Common Law and Florida courts carved out one exception from danger for trespassers, known as the attractive nuisance doctrine. The attractive nuisance doctrine recognizes that there is a difference between the ability of children and adults to recognize and understand danger of certain conditions. An attractive nuisance is a condition which would be attractive to children and for which the children would not appreciate danger. An attractive nuisance could be an artificial lake, pile of sand, excavation or even construction. If the child is injured without recognizing the inherent danger of the attractive nuisance, the land owner is liable for failure to exercise reasonable care to eliminate the danger or otherwise to protect children.

Licensee is a rather ill-defined status. At least one Florida court has opined that the best definition of a licensee is a person who is neither an invitee nor a trespasser. Florida recognizes two categories of licensees: the invited and the uninvited. One is an invited licensee by expressed or implied invitation. Invited licensees are treated as invitees in Florida. In contrast, uninvited licensees are those who would go on someone’s property solely for their own convenience.
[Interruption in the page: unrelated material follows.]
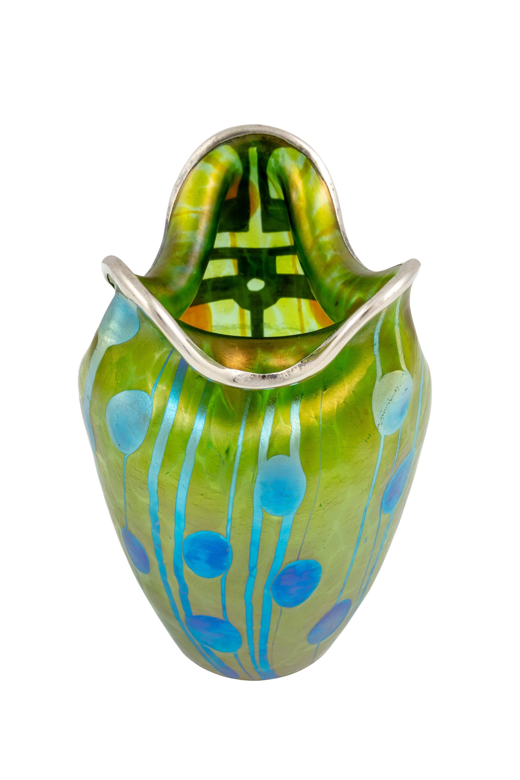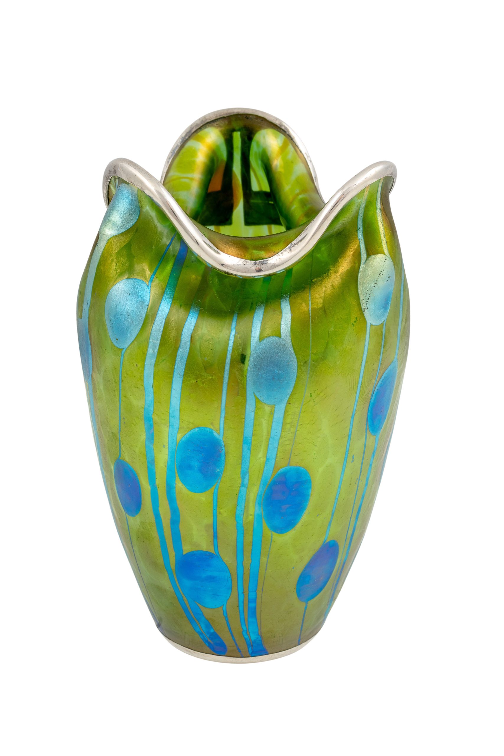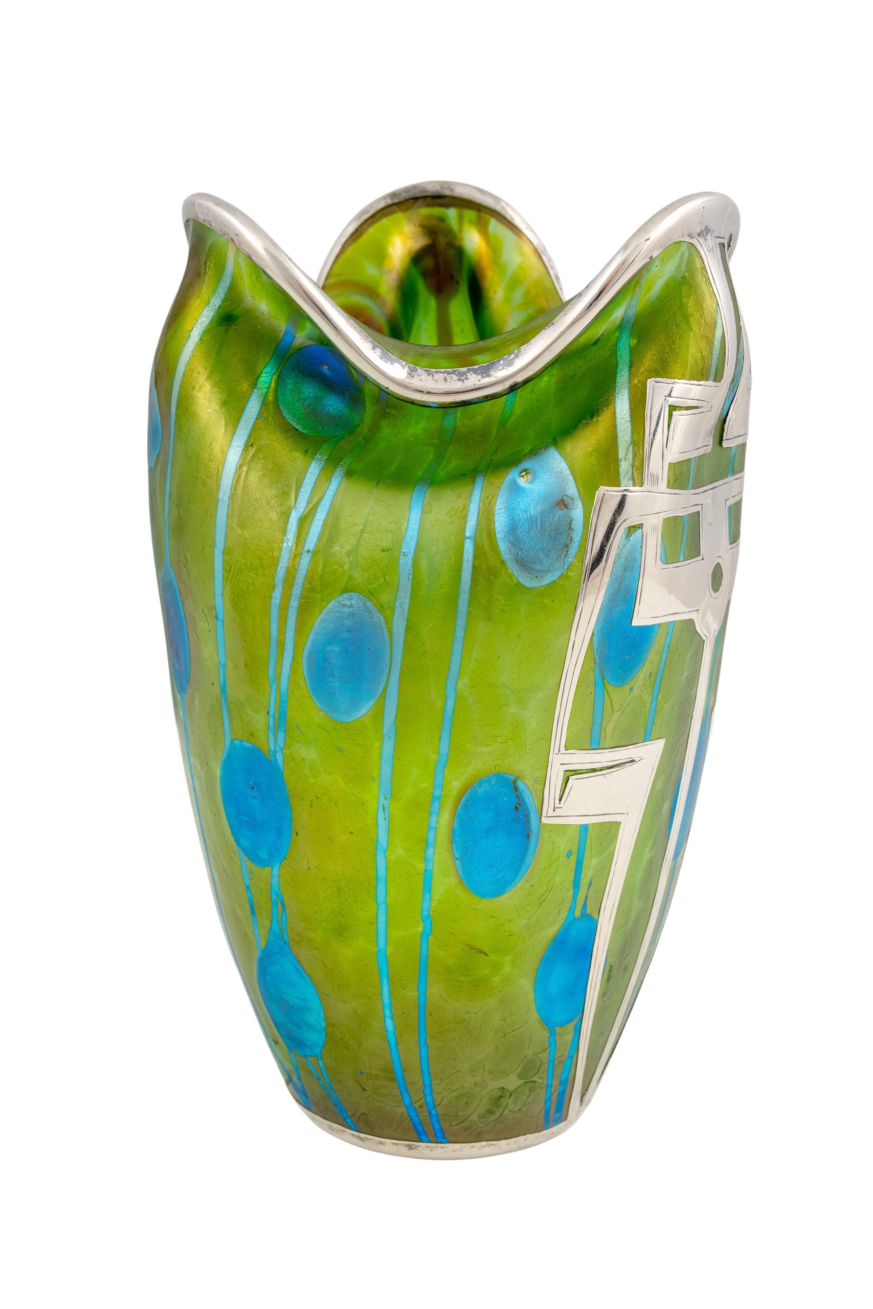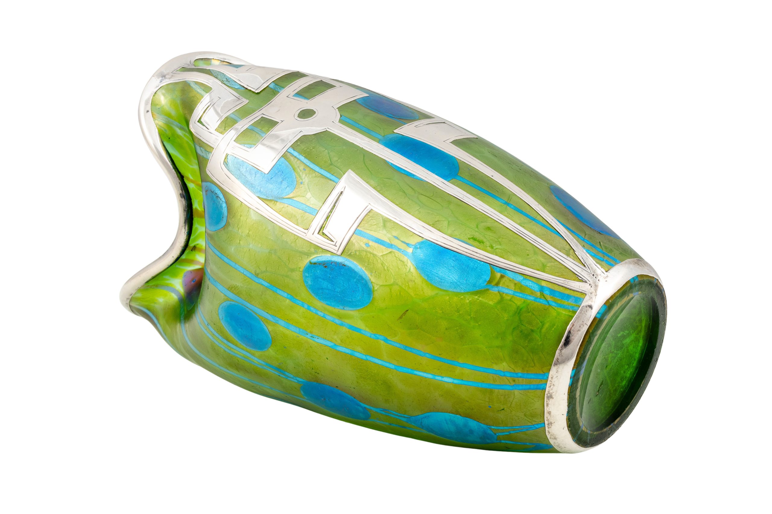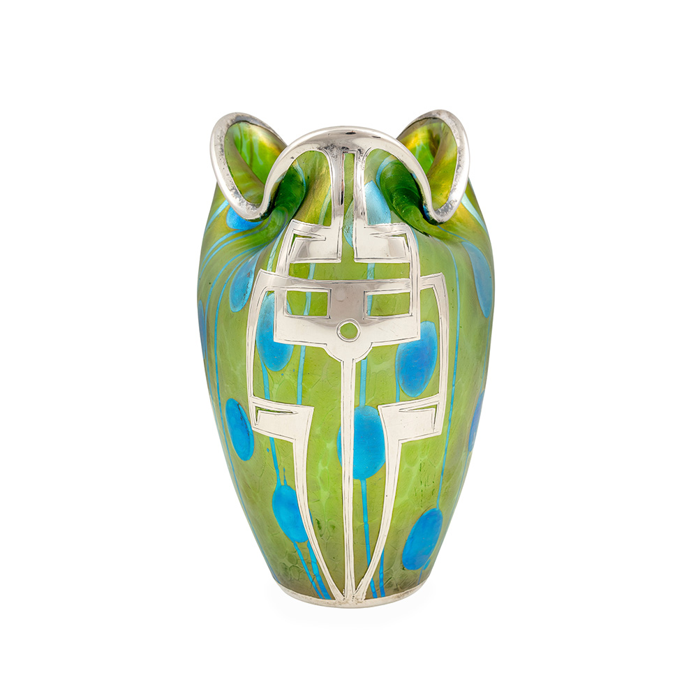 Vase mit sezessionistischem Silberbeschlag, Koloman Moser (Dekor), Max Schwarz (Silberbeschlag), Johann Loetz Witwe, Dekor Streifen und Flecken, um 1901

Duty to an uninvited licensee is virtually identical to that owed to a trespasser. An invited licensee could be a social guest or family member. An uninvited licensee could be a door to door salesman.

As the title implies, an invitee is someone invited on to one’s property. Invitees are almost exclusively those invited to a business establishment. Florida courts define an invitee as someone entering another’s property for purposes connected with the business of the owner or occupant. Court supplied what is known as a “mutual benefit test,” sometimes referred to as “economic benefit test,” to determine status as an invitee.

The property owner and/or occupant have a duty to inspect the property to make sure it is safe and to eliminate any known dangers or provide protection by excluding invitees from the dangerous area and/or using appropriate protective devices or action. How often the property must be inspected depends upon the nature of the danger and circumstances, making it a factual determination in a case by case basis. If a defect should have been discovered by reasonable inspection, the property or business owner may be liable to business invitees injured by the dangerous condition.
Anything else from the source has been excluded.